'''

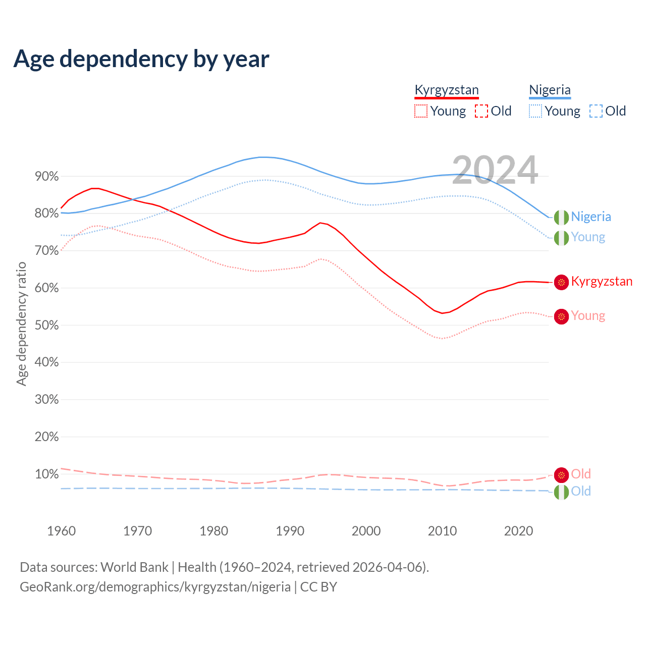 - The share of old-age demographic (65+) in Kyrgyzstan is 5.68% vs 3.05% in Nigeria.
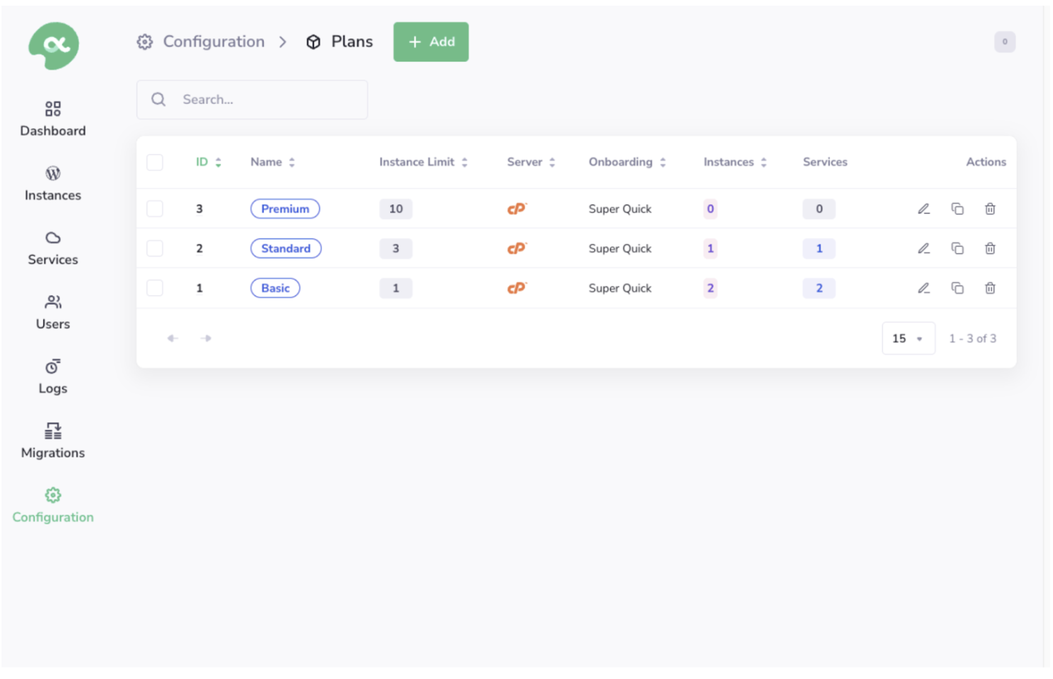 admin dashboard. - Navigate to Configuration > Plans.
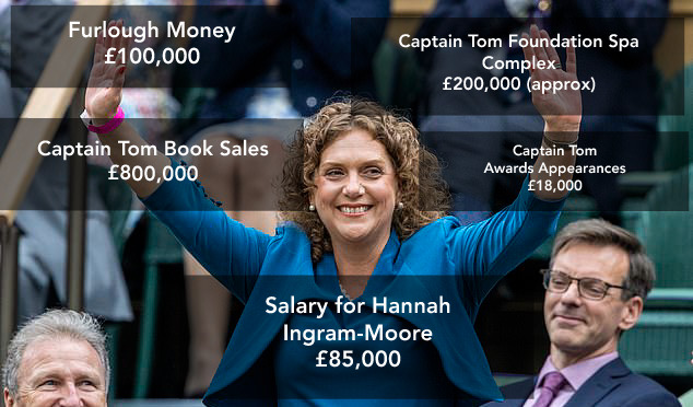 Using the Foundations name, Moore and her husband built an unauthorised large spa building in the grounds of their £1.2million home in Bedfordshire and then went of to ask for retrospective planning permission that the Bedfordshire Council denied and ordered it to be demolished. Representatives of the Moore family have claimed that the spa would “enable Captain Tom’s story to be enjoyed by the public” and could be used for coffee mornings and twice weekly for spa rehabilitation for the elderly.

'''

DIRECTIONS
The lines to write out are those from the first line of the listing above through the line bearing "admin dashboard. - Navigate", both included, copied exactly with pictures dropped.

REPLY TO THE EXERCISE
 - The share of old-age demographic (65+) in Kyrgyzstan is 5.68% vs 3.05% in Nigeria.
 admin dashboard. - Navigate to Configuration > Plans.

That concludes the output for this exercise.